Please give back, exactly as written, the lines from the line with "酒店位於陽朔西街口斜對面,走" to the line with "i contatti utili." in the listing below, leaving out all pictures.

Supplied records START

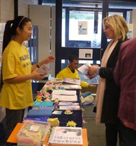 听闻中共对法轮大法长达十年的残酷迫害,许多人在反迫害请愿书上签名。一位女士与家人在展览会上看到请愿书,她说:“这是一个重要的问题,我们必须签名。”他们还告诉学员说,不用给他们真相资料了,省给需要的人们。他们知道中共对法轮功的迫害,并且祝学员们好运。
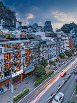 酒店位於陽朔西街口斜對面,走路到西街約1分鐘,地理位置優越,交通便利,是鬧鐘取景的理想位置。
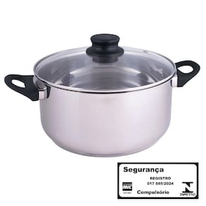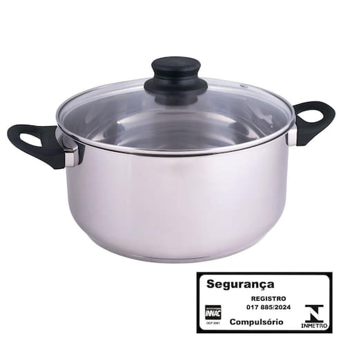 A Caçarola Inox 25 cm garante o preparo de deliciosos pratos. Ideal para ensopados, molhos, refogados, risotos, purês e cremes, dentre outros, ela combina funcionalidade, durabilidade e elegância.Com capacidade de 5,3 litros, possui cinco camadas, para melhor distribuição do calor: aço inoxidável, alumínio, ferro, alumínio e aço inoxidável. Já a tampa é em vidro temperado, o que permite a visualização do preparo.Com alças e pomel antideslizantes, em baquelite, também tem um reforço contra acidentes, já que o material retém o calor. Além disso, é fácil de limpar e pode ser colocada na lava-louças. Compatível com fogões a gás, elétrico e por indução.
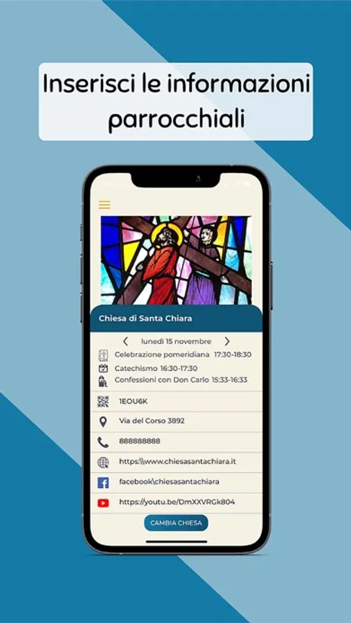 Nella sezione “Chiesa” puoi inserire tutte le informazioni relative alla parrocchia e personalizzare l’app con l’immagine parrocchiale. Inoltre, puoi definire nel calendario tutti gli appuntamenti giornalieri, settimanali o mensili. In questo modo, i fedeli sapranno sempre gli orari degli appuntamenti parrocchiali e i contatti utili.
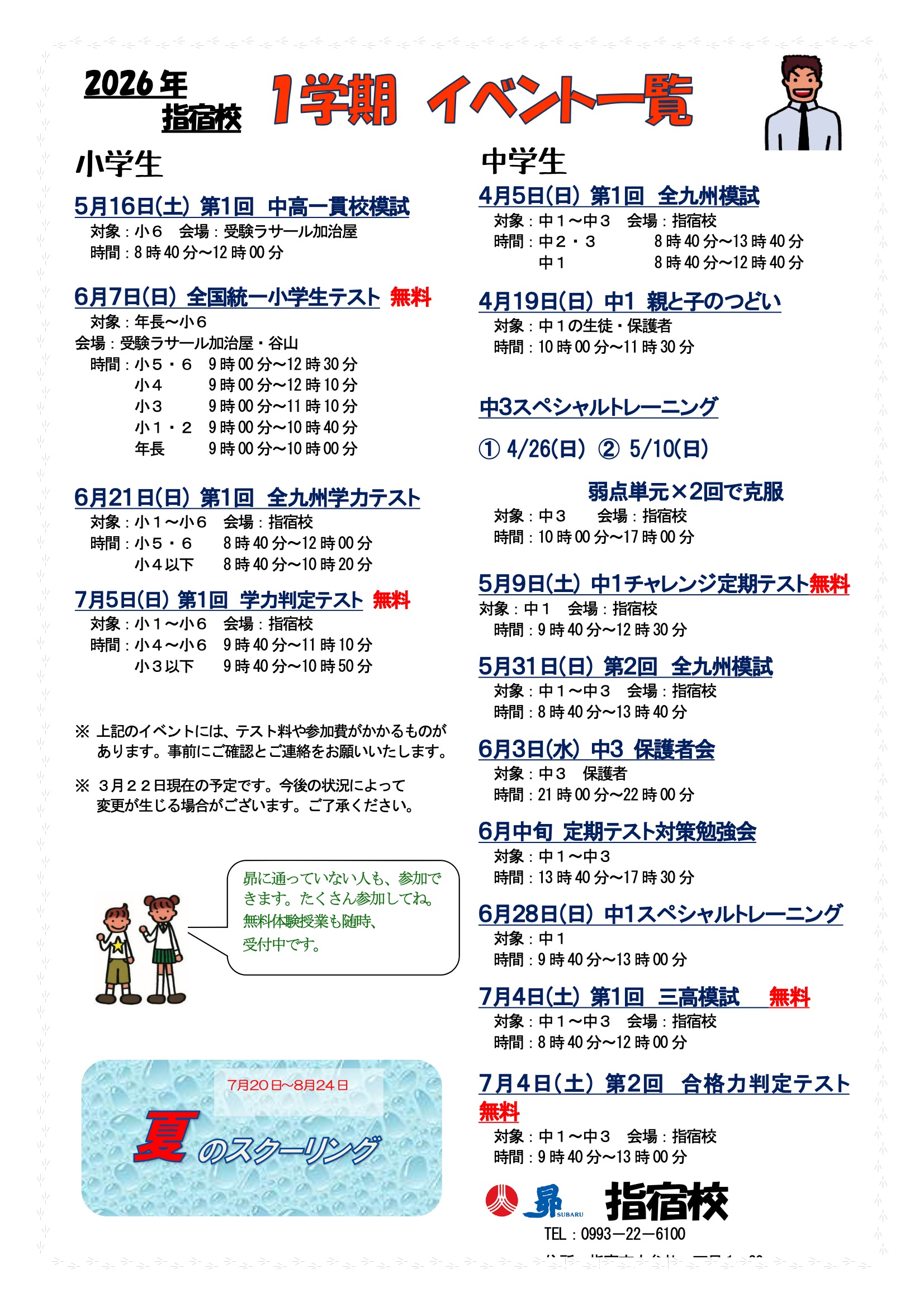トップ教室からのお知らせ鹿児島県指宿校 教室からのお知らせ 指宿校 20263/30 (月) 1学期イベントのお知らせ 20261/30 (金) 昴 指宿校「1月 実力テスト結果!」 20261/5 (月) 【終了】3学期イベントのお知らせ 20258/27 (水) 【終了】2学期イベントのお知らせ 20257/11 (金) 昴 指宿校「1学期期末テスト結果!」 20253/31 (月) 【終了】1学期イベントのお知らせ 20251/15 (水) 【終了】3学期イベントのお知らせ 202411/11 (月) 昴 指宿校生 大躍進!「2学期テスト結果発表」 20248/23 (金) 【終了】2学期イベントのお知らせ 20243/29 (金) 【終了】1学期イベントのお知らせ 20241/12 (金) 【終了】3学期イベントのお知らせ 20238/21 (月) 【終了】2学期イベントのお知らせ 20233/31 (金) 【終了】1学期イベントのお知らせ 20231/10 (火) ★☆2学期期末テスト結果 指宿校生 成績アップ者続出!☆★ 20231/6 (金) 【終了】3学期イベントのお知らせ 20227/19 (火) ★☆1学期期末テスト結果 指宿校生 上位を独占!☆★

Supplied records END

== Exercise solution ==
 酒店位於陽朔西街口斜對面,走路到西街約1分鐘,地理位置優越,交通便利,是鬧鐘取景的理想位置。
 A Caçarola Inox 25 cm garante o preparo de deliciosos pratos. Ideal para ensopados, molhos, refogados, risotos, purês e cremes, dentre outros, ela combina funcionalidade, durabilidade e elegância.Com capacidade de 5,3 litros, possui cinco camadas, para melhor distribuição do calor: aço inoxidável, alumínio, ferro, alumínio e aço inoxidável. Já a tampa é em vidro temperado, o que permite a visualização do preparo.Com alças e pomel antideslizantes, em baquelite, também tem um reforço contra acidentes, já que o material retém o calor. Além disso, é fácil de limpar e pode ser colocada na lava-louças. Compatível com fogões a gás, elétrico e por indução.
 Nella sezione “Chiesa” puoi inserire tutte le informazioni relative alla parrocchia e personalizzare l’app con l’immagine parrocchiale. Inoltre, puoi definire nel calendario tutti gli appuntamenti giornalieri, settimanali o mensili. In questo modo, i fedeli sapranno sempre gli orari degli appuntamenti parrocchiali e i contatti utili.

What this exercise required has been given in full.